The tumour cells showed a strong expression of synaptophysin and chromogranin (fig 3). There was no expression of cytokeratin 7 (CK7) and CK20. The proliferation index was assessed with Ki-67 and was <1%. In other areas of the gallbladder wall there were foamy macrophages and the wall contained Rokitansky–Aschoff sinuses and a minimal chronic inflammatory cell infiltrate. The overall appearance was of a benign NET.
Postoperative CT scan of the chest/abdomen and pelvis showed no evidence of residual disease, and an octreotide scan was normal. Further blood investigations revealed normal fasting gut hormones and 5-hydroxyindoleacetic acid levels.
Primary NETs can occur anywhere in the body wherever there are enterochromaffin cells, but the gallbladder is a rare site of occurrence (<1%).5 There have been only 42 cases of gallbladder carcinoid tumours recorded in the world literature. Godwin reported only one carcinoid tumour in the gallbladder among 2837 carcinoid tumours from the gastrointestinal tract.6 Capella et al reported 19 cases (0.2%) of gallbladder carcinoids in their analysis of 8305 cases of carcinoids of all sites.7 A review by Khetan et al showed that in all the cases examined (n=22), the diagnosis was made postoperatively or during postmortem.3 Our patient was diagnosed after surgery, during routine histopathological examination. It is interesting to know that the incidence of multiple carcinoids in the same patient may be ~10–33%, with the small bowel being the most common site (82%).8,9 In the presented case study, there was no metastasis anywhere else in the body. Due to increased incidence of gastroenteropancreatic NET (GEP-NETs), the World Health Organisation (WHO) used a prognosis-oriented definition to provide a common framework.10,11 Though the term “carcinoid tumour” is a well-recognised terminology, it may not cover all tumours arising from neuroendocrine cells present all over the body.
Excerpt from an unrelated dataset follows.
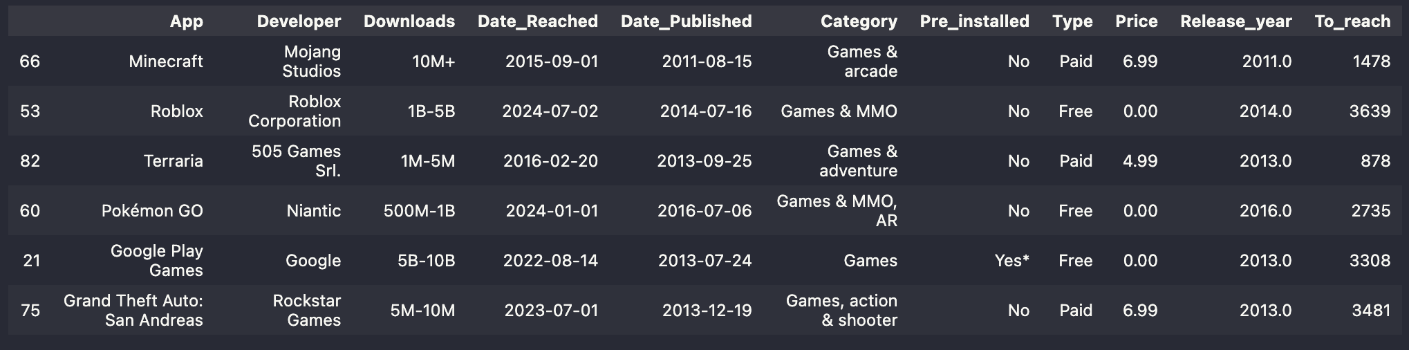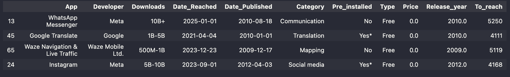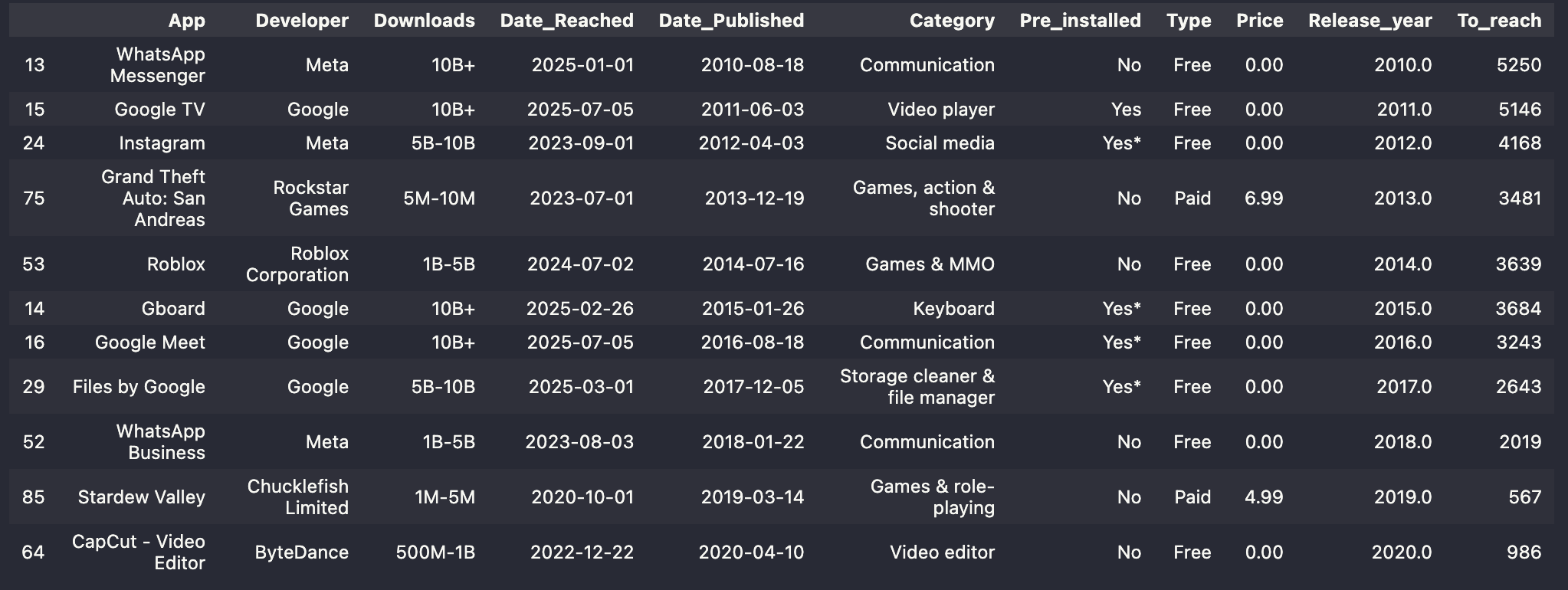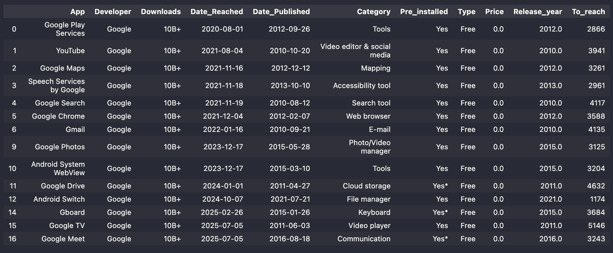 App Developer Downloads Date_Reached Date_Published Category Pre_installed Type Price Release_year To_reach

Hence the WHO used neuroendocrine tumour or neuroendocrine carcinoma to describe these conditions instead of carcinoid tumours.12 In addition, the European Neuroendocrine Tumour Society (ENETS) proposed guidelines on Tumour–Node–Metastasis (TNM) classification for foregut, midgut and hindgut NETs.13,14 However, clear staging guidelines for NETs arising from the gallbladder have not been promulgated, perhaps because of the rarity of this condition.
While the incidence of carcinoid disease in general appears to have increased due to improved diagnostic technology, more precise specific antibodies in immunohistochemistry and awareness among clinicians and pathologists, they are commonly overlooked or misdiagnosed in uncommon sites such as the gallbladder. Following the diagnosis of carcinoid tumour in the gallbladder, further investigations should be undertaken to detect a potential concurrent lesion elsewhere or a distant metastasis. Laparoscopic curative resection is possible if the tumour is confined within the gallbladder wall.
A consensus TNM staging would be helpful for the future management of NETs arising from the gallbladder.
Competing interests: none.
Patient consent: Patient/guardian consent was obtained for publication.